A test flight of the capsule is planned for September 2014. It will fly 3,600 miles away and then return to the Pacific Ocean. But first, the Navy and NASA have to dust off the cobwebs from their old recovery playbook and update several parts of it.

Unlike past spacecraft recovery efforts, the Navy doesn't plan to use helicopters to retrieve Orion and place them on the flight deck of a ship. Instead, small boat teams will attach a winch line to Orion and tow it into an amphibious ship's well deck. The Arlington is an amphibious transport dock that carries Marines and their equipment, and its well deck can intentionally be flooded. Once inside the ship, the well deck will be drained and the crew module will be placed into a positioning stand known as a cradle that will eventually allow astronauts to step out of the spacecraft and into the ship.

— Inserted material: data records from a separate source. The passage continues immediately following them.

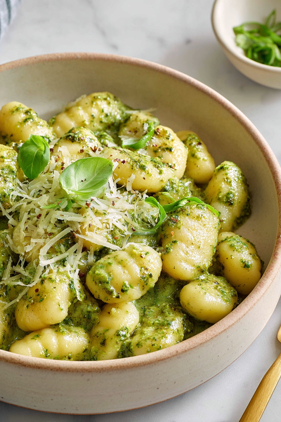 I swear by giving the gnocchi a quick pan-sear before saucing—little crispy edges make the whole dish feel cheffy. I learned the hard way that garlic goes in after the gnocchi starts to get color; otherwise it burns and turns bitter… which I absolutely ate once out of stubbornness. Lemon is non-negotiable for me—zest into the sauce, a squeeze at the end. If you toss in a handful of spinach, it wilts instantly and makes you feel like a health goddess. And yes, jarred pesto works; I just hit it with extra parm and a splash of pasta water to make it glossy and happy.
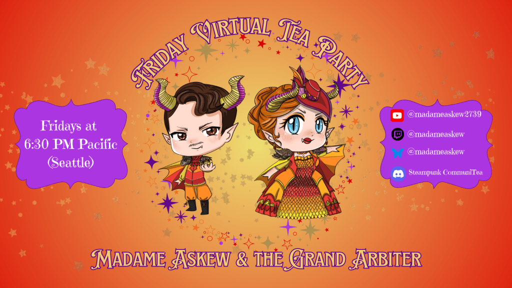 Friday tea starts at 6:30 PM Pacific (Seattle/Tucson)–8:30 PM Central (Madison)–9:30 PM Eastern (Montreal) and streams live on YouTube, Twitch, and Facebook. If you have not yet done so, please consider subscribing to our YouTube and following our Twitch for notifications.
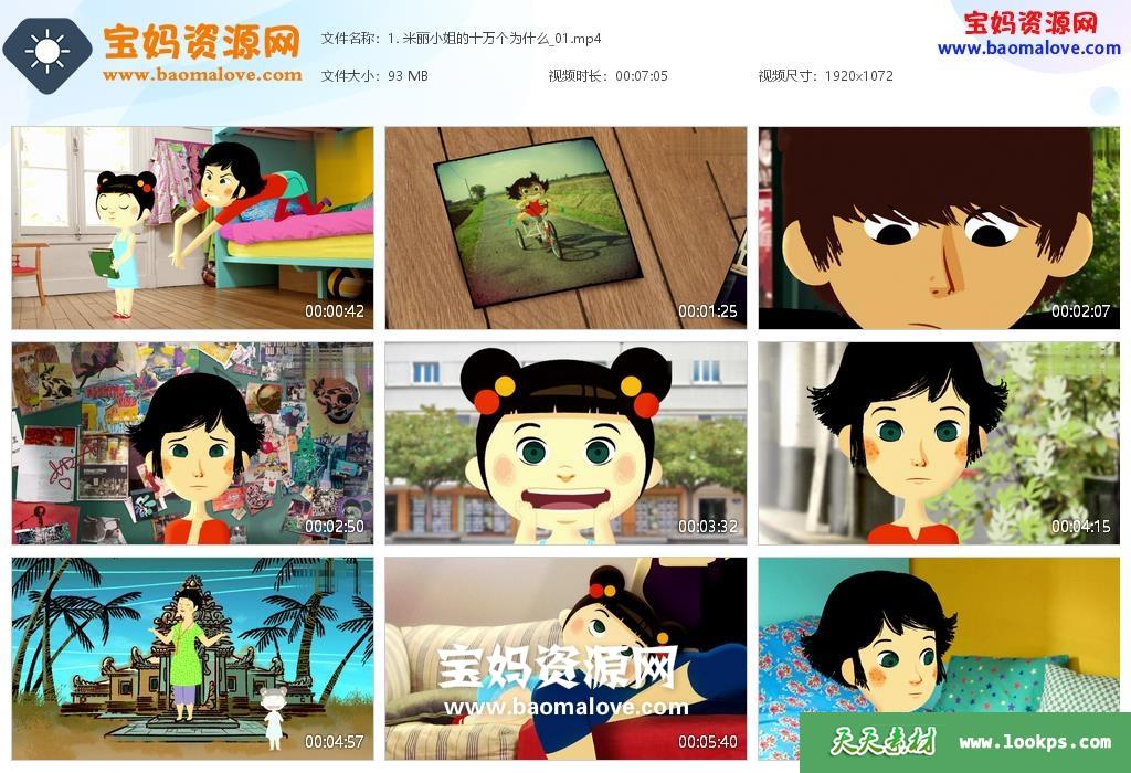 天天资源网收录的动画片《米丽小姐的十万个为什么》Mily Miss Questions中文版,全部78集,国语发音,无字幕;每集大小约122M,资源总大小9.77G,单集播放时长约7分钟,1080P高清MP4格式,可以在电视机或电脑、平板、IPAD、早教机、手机等各种设备播放,提供百度云网盘下载。

In practice, it will be several more years before an astronaut steps onto a ship following a mission.

Orion's first trip is an unmanned mission in 2017. The first manned mission of Orion is planned for 2021.

A more detailed recovery test will occur in open waters off the coast of California in January.

For years, the splashdown in the water was a familiar ending to U.S. space missions. Photos on NASA's website show astronauts Neil Armstrong and David R. Scott sitting with their spacecraft hatches open after the Gemini VIII mission in 1966, as the craft is stabilized against choppy seas by a yellow flotation collar. Others photos show astronaut L. Gordon Cooper being hoisted by a recovery helicopter after the Gemini V mission in 1965, and the Apollo 17 spacecraft carrying three astronauts being gilded to a safe splashdown in 1972. The astronauts were then flown by recovery helicopter to a Navy vessel after the completion of NASA's sixth and last manned lunar landing in the Apollo program.

"The Navy is excited to support NASA's continuing mission of space exploration," Adm. Bill Gortney, commander of U.S. Fleet Forces Command, said in a statement. "Our unique capabilities make us an ideal partner for NASA in the safe recovery of our astronauts in the 21st century -- just as we did nearly a half century ago in support of America's quest to put a man on the moon."